"Só a região de Lisboa precisaria de 26 mil novos fogos de habitação", afirma a presidente da Comissão de Coordenação e Desenvolvimento Regional (CCDR) de Lisboa e Vale do Tejo.

Teresa Almeida considera escassa a meta de construção pública estabelecida pelo atual Governo de Luís Montenegro para todo o país, referindo-se ao acrescento relativamente ao objetivo traçado pelo anterior executivo de António Costa.

Em entrevista ao programa Hora da Verdade, da Renascença e do jornal Público, Teresa Almeida elogia o modelo de regiões que domina a Europa, considera que haver regionalização no país é uma questão de “opção” e dá as regiões autónomas dos Açores e da Madeira como “bons exemplos”.

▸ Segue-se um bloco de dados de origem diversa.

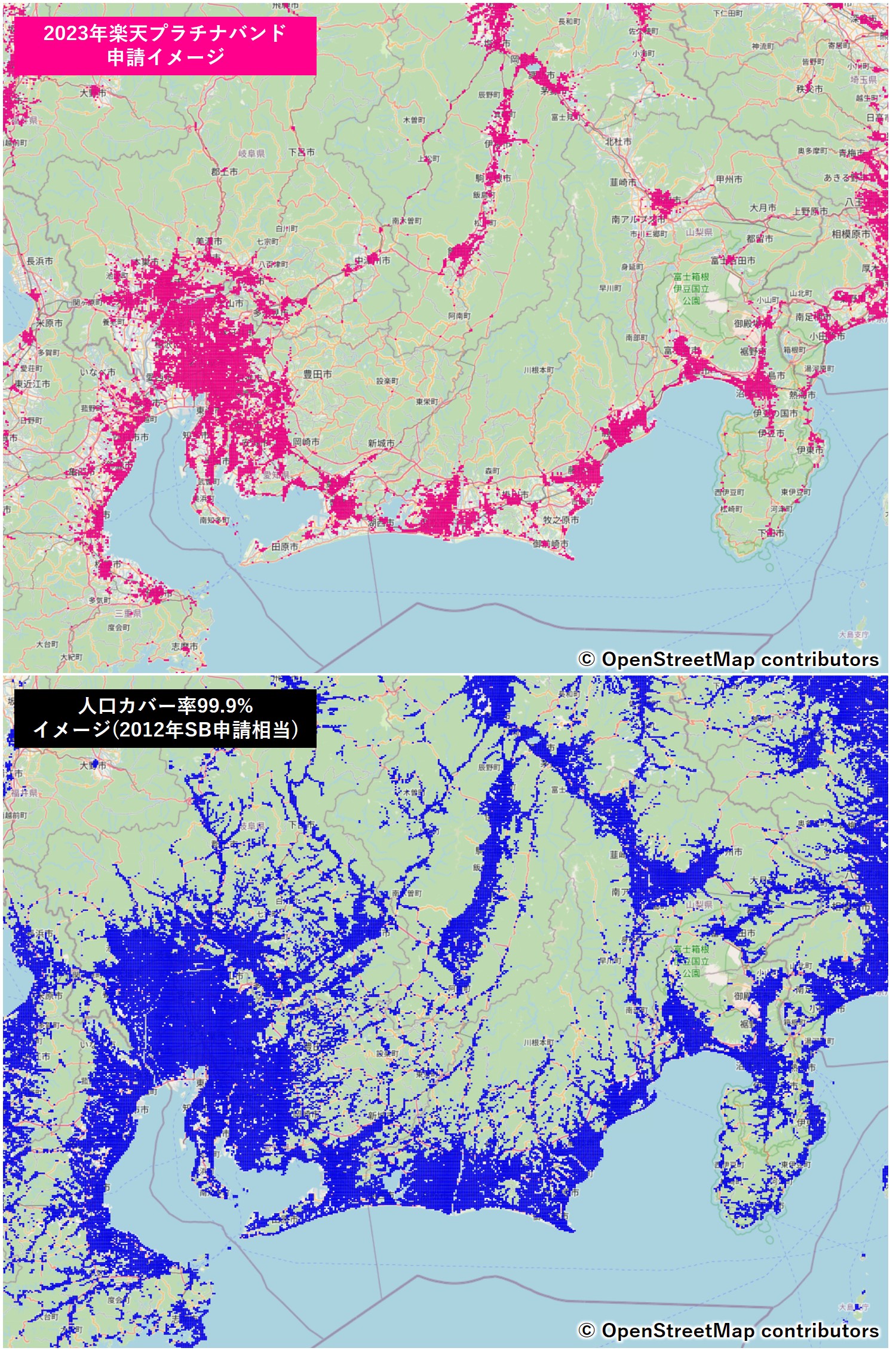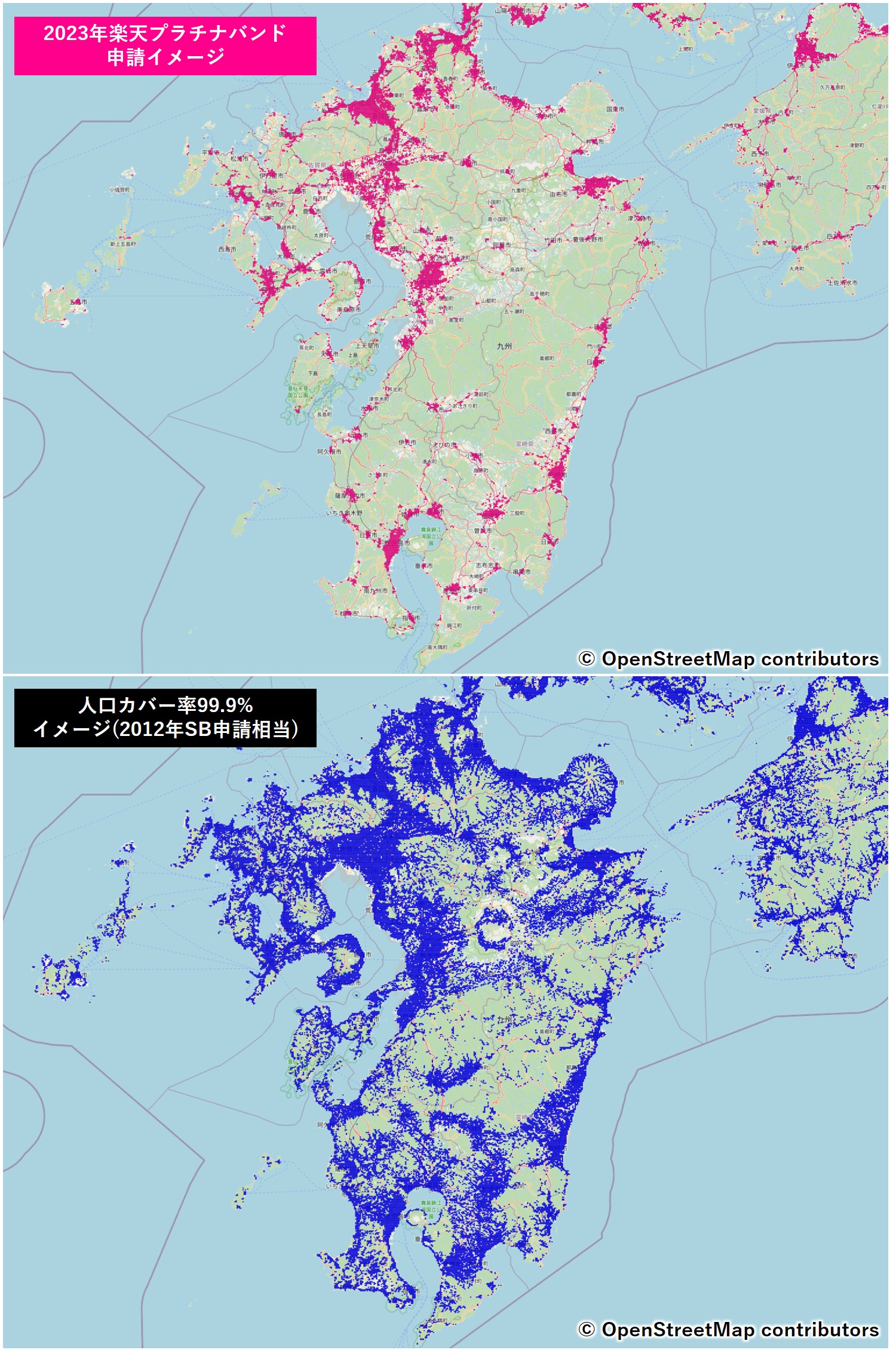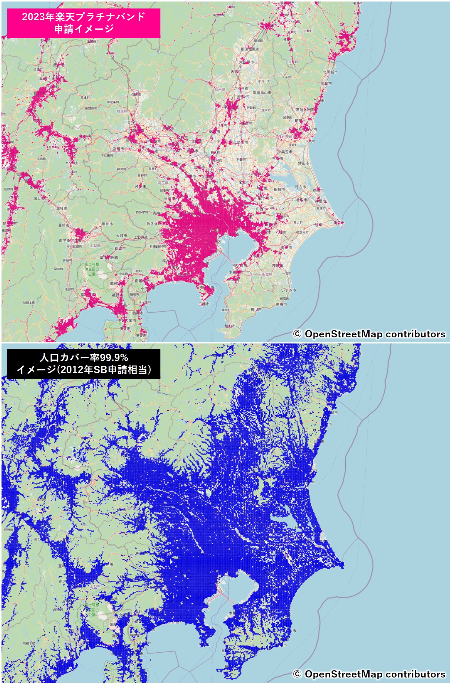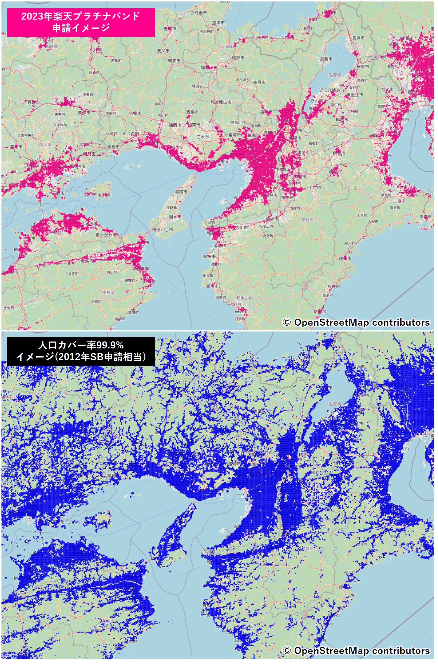 →約20,000k㎡ - 人口カバー率99.9%(2012年SBの計画相当)

Teresa Almeida considera ainda “inevitável” a construção do novo aeroporto de Lisboa em Alcochete, referindo a margem sul do Tejo como um “território de oportunidade”. É aí que, diz, “há margem para crescer” e há “terrenos disponíveis”, criando uma situação de “equivalência” em relação à margem norte.

Lida com a aplicação de fundos comunitários e também do Plano de Recuperação e Resiliência (PRR) em diversos projetos. Como é que está a execução desses projetos e há motivos para preocupação?

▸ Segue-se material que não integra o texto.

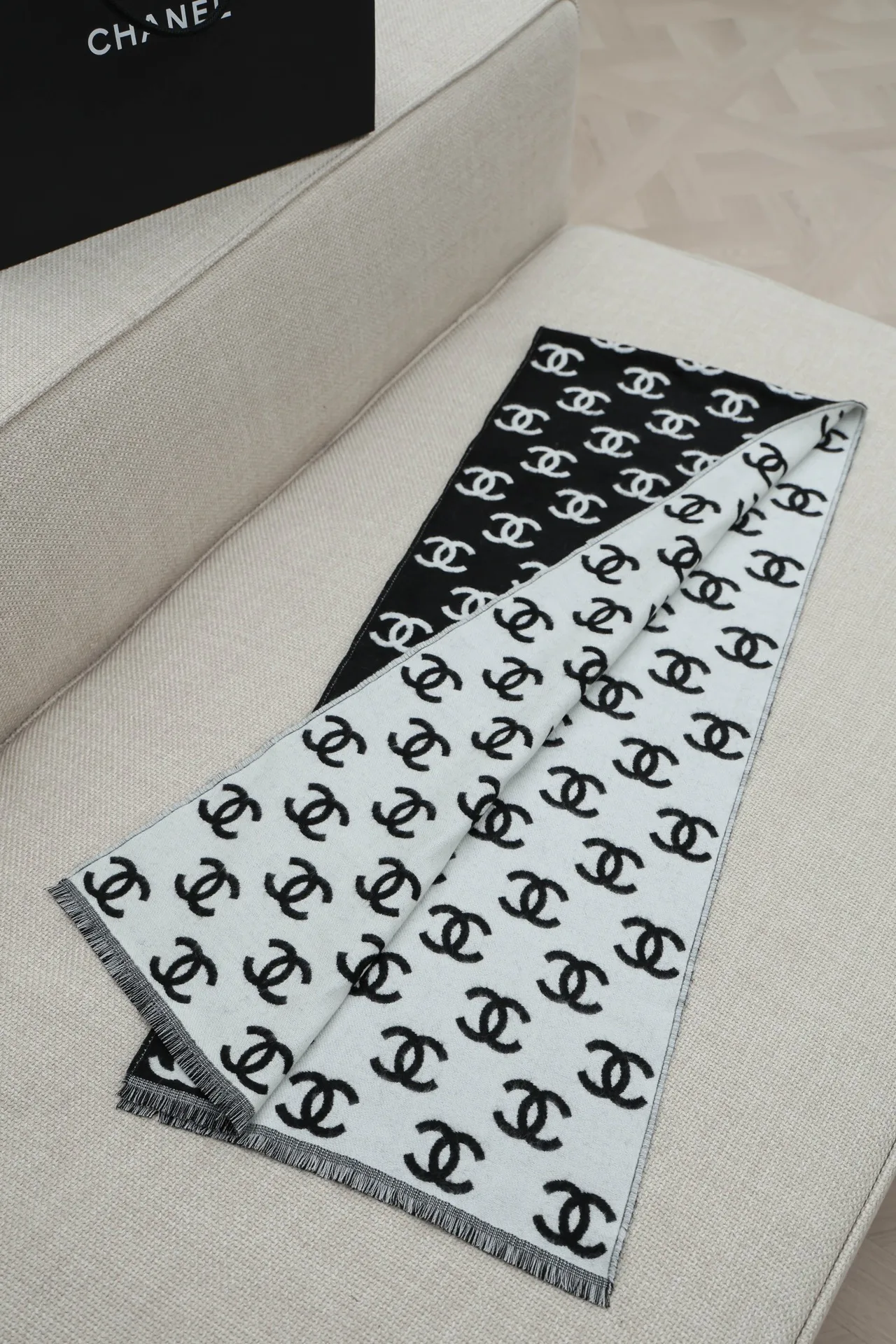 Размер шарфа составляет 180 × 35 см. Край изделия обрабатывается вручную, что обеспечивает аккуратную отделку. Лицевая и изнаночная стороны симметричны, что подчеркивает его стильный дизайн. Рекомендуется профессиональная сухая чистка для ухода.

Na terça-feira, fizemos formalmente o encerramento do Programa 2020. Fechou com 105% de taxa de execução. Em termos de PRR, não temos uma gestão direta. É um programa com uma aplicação nacional, não é regionalizado.

Temos tido ultimamente um papel crucial nas escolas. O PRR alocou uma verba muito significativa para que o pacote de entrega aos municípios seja com uma garantia de uma intervenção e reabilitação no Parque Escolar e as CCDR estão a gerir esse pacote. Contratualizámos, em maio, 125 milhões de euros e agora vamos entregar mais 50 milhões.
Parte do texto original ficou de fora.